---- AVAILABLE DATA
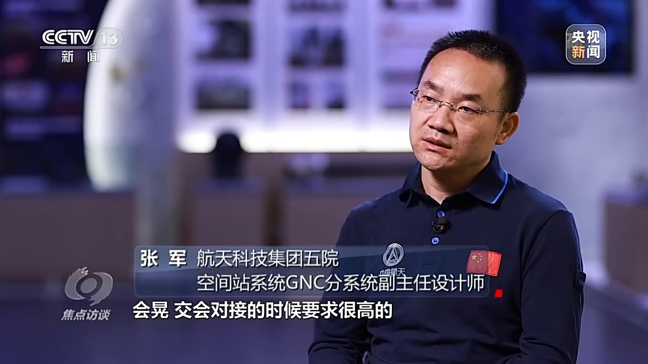 航天科技集团五院空间站系统GNC分系统副主任设计师 张军:会晃,交会对接的对接精度和稳定度指标要求比较高,一旦全部展开,震动非常大,会把指标破坏了。所以在入轨的时候,第一次是处在半展开的状态,形成组合体之后做一个二次展开。
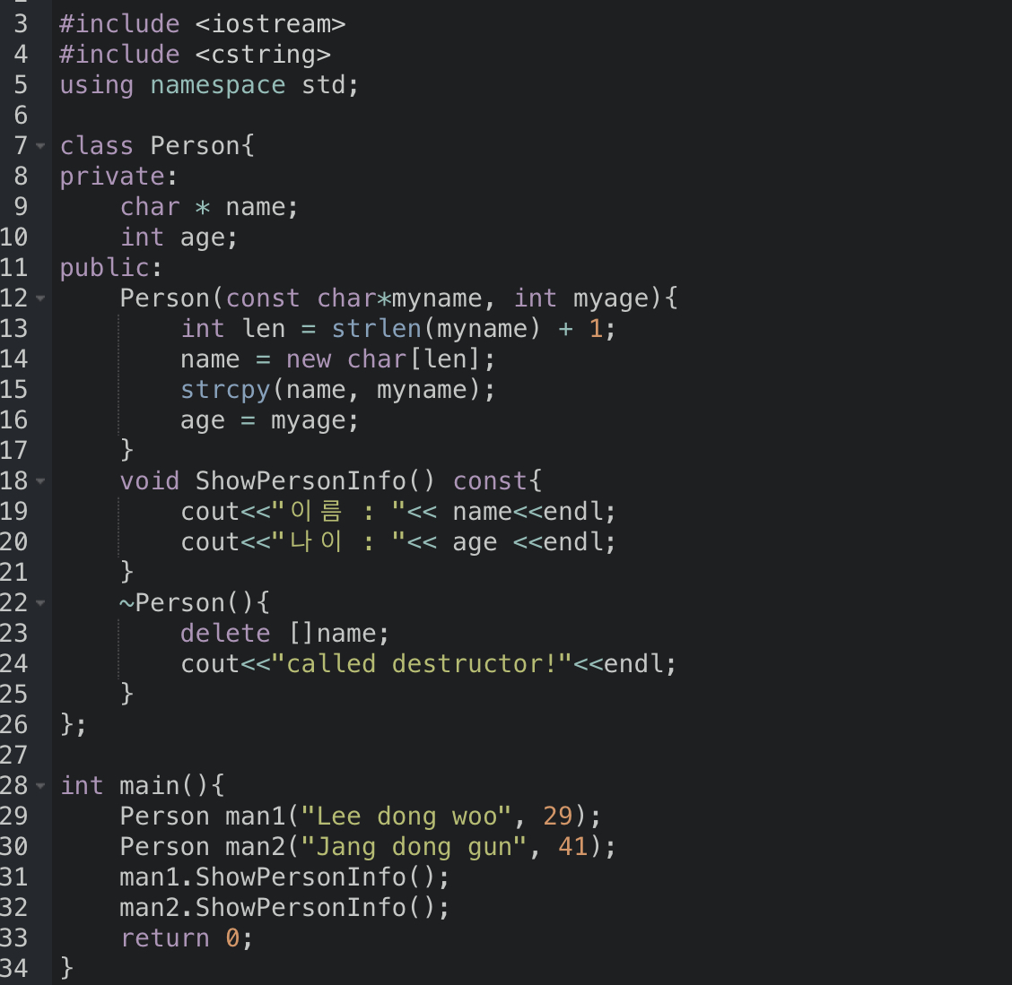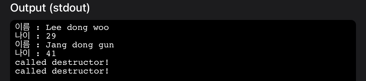 Person man1("Lee dong woo", 29); // man1이라는 새로운 Person 클래스의 객체를 인스턴스화한다. 이 과정에서 동적 할당이 발생한다.
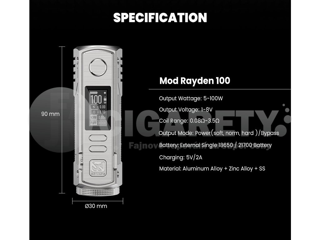 Výkonové možnostiRayden nabízí variabilní výkon 5-100W s režimy soft, normal a hard pro různé styly žhavení. Podpora odporů 0,08-3,5 ohmu umožňuje širokou kompatibilitu s atomizéry. |
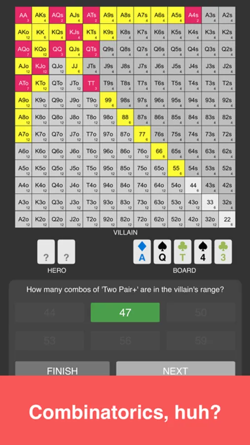We have training modules to train different aspects of Poker. Pot Odds, Equity Drills, Shove/Fold Charts Trainer, Combinatorics are some of the training modules available in app for you to train. Train regularly and become the best poker player, ever!
--------
**INSTRUCTIONS FOR THE TASK**
Every line above should be copied exactly; do not carry over the pictures.

**ANSWER BOX**
 航天科技集团五院空间站系统GNC分系统副主任设计师 张军:会晃,交会对接的对接精度和稳定度指标要求比较高,一旦全部展开,震动非常大,会把指标破坏了。所以在入轨的时候,第一次是处在半展开的状态,形成组合体之后做一个二次展开。
 Person man1("Lee dong woo", 29); // man1이라는 새로운 Person 클래스의 객체를 인스턴스화한다. 이 과정에서 동적 할당이 발생한다.
 Výkonové možnostiRayden nabízí variabilní výkon 5-100W s režimy soft, normal a hard pro různé styly žhavení. Podpora odporů 0,08-3,5 ohmu umožňuje širokou kompatibilitu s atomizéry. |
We have training modules to train different aspects of Poker. Pot Odds, Equity Drills, Shove/Fold Charts Trainer, Combinatorics are some of the training modules available in app for you to train. Train regularly and become the best poker player, ever!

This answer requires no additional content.